# I don't get it. Ambien Vs. Xanax



## Jrock (Dec 16, 2008)

My doc prescribed me some Xanax (low dose) just recently. I also take Ambien every night to help with sleep. 

About 30 minutes into the Ambien I start to smile, I am expressive with my emotions, I laugh, I am kinda extroverted, I am more optimistic oh and get this.....I want to socialize. I want to talk to people. I want to meet new people. Then I a pass out 


I took the low dose Xanax one day and I felt like a walking corpse. I felt emotionless. I would be happy sitting in a dark cold basement with no TV  

What the deal? I am starting to think meds are just a waste of time and money.

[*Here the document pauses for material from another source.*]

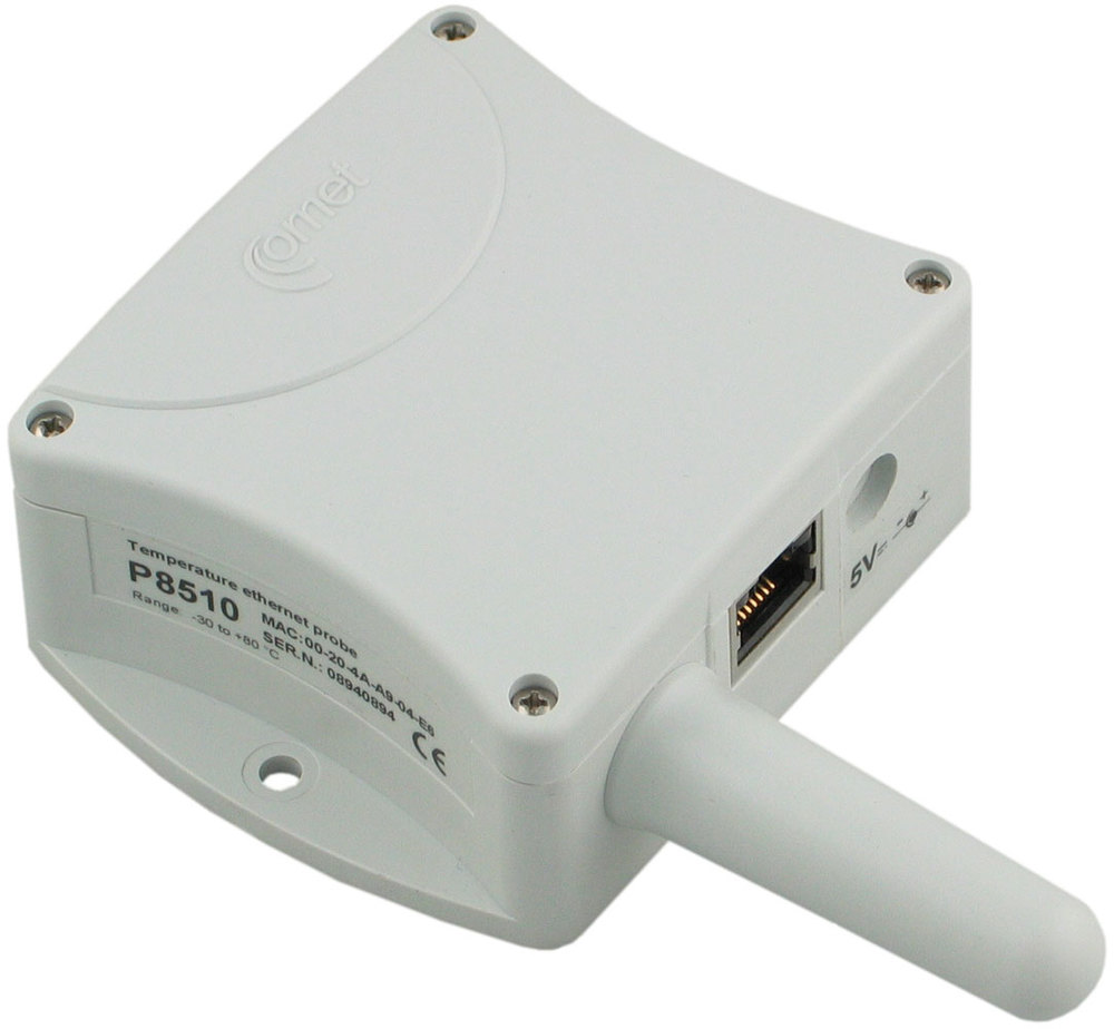 Snímač teploty s výstupem na Ethernet; rozsah -30 až +80°C, přesnost ±0.8°C; rozlišení 0,1°C; interval měření 2 s; možnosti komunikace: ModBus TCP, Telnet, www stránky, SNMP, SOAP; možnosti signalizace alarmu: e-mail, www stránky, SNMP, syslog; rozměry a hmotnost: 88 x 126 x 39,5 mm, 240g

I get better results (which are not great), by drinking a red bull before and during a social event then all those meds I have been prescribed for Depression/Anxiety/SAD


----------



## Noca (Jun 24, 2005)

You just havent found the right med/dose yet thats all. I have found the right meds for me finally. They are in my sig.


----------



## Jrock (Dec 16, 2008)

Noca said:


> You just haven't found the right med/dose yet thats all. I have found the right meds for me finally. They are in my sig.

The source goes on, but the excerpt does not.